0. Знакомство с OPM

Для тренировочного задания и знакомства с интерфейсом базы данных OPM был произведен поиск трансмембранного белка с β-листами по следующим параметрам:

В качестве интересного примера я выбрала Superfamily: Trimeric autotransporter, Family: Autotransporter-2 (AT-2), а именно белок Adhesin yadA (PDB: 2lme) — прототипный тримерный аутотранспортер, обнаруженный в энтеропатогенных видах Yersinia (здесь Y. enterocolitica). Это белок внешней мембраны, формирующий фибриллярный матрикс на поверхности бактериальных клеток. Является ключевым фактором вирулентности у некоторых патогенных видов иерсиний.
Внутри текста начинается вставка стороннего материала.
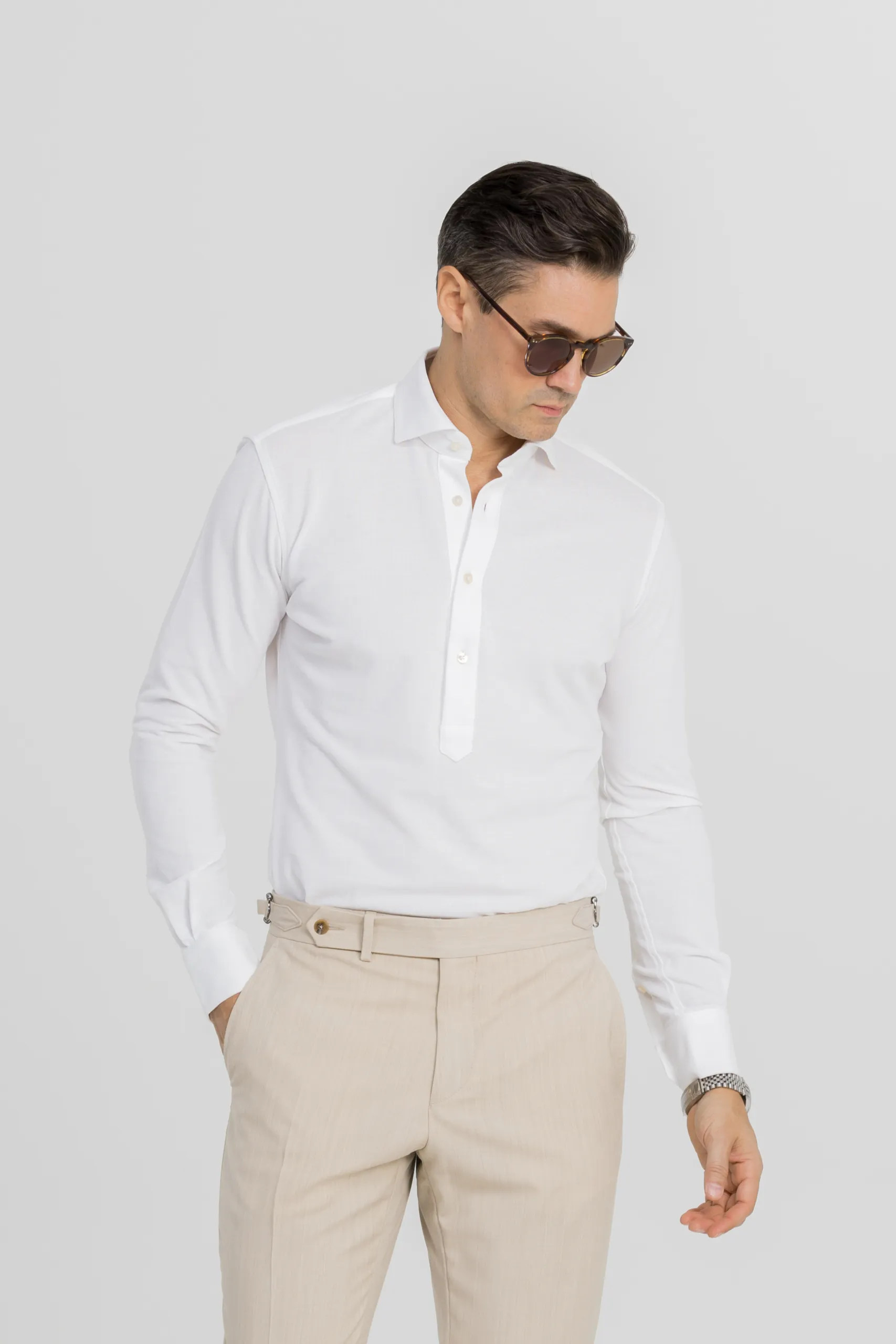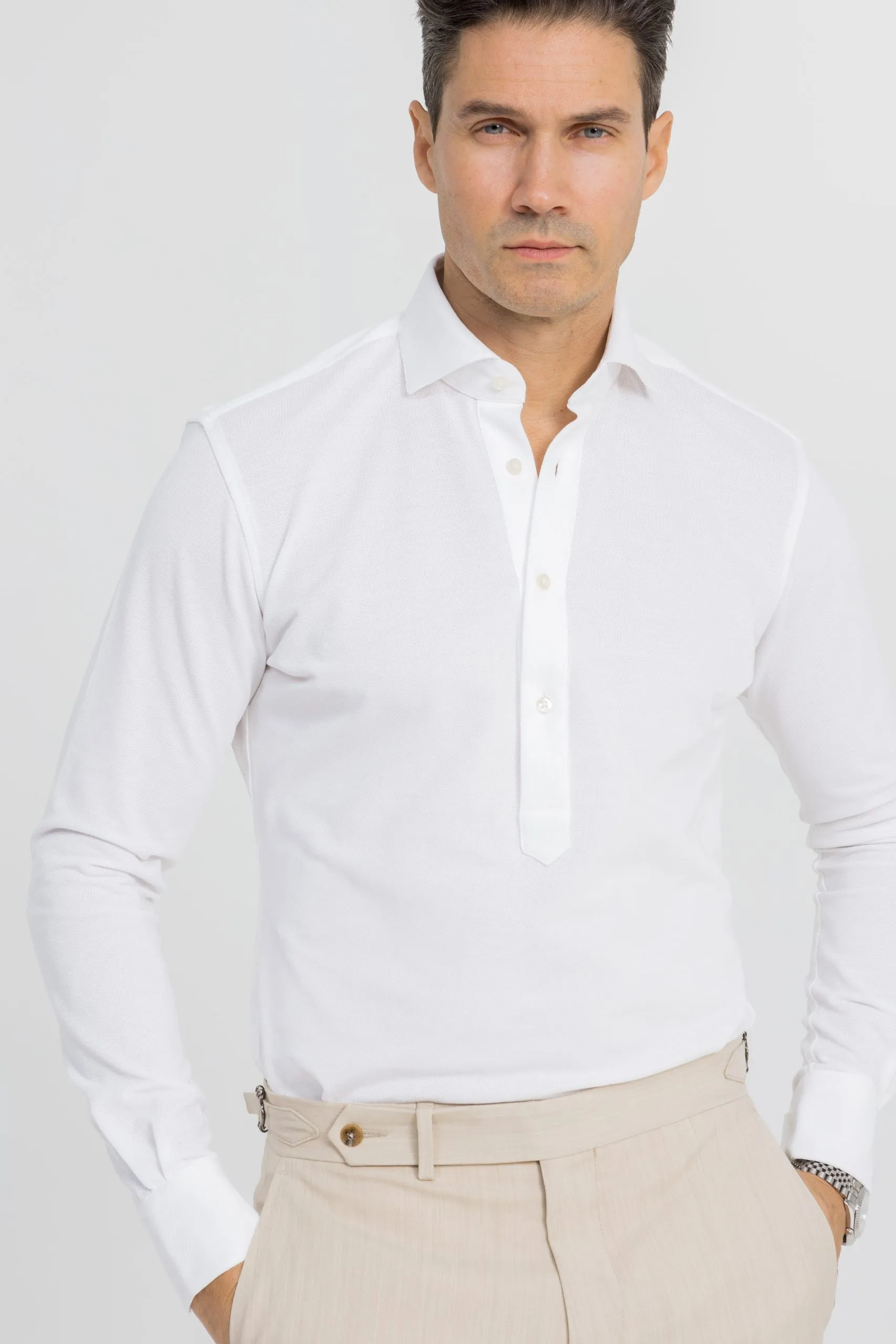 Discover the Carlo Bassetti pop-over shirt from every angle. Whether worn under a suit or at the weekend, it offers an unprecedented level of comfort without sacrificing your style.

Он играет важную роль в адгезии бактерий к клеткам хозяина, инвазии, уклонении от иммунной системы и выживании в организме хозяина.

При описании белка OPM дает прямые ссылки на PDB, PDB Sum, UniProt, PFAM, TCDB, MSD, MMDB и сссылки на 3D-структуры, помимо изображения положения белка в мембране.

1. Основное задание: сравнение результатов предсказаний трансмембранных участков по последовательности и по трехмерной структуре

Для данного задания мне был выдан полноразмерный калиевый канал KcsA в закрытой конформации (Potassium channel KcsA, full-length, closed)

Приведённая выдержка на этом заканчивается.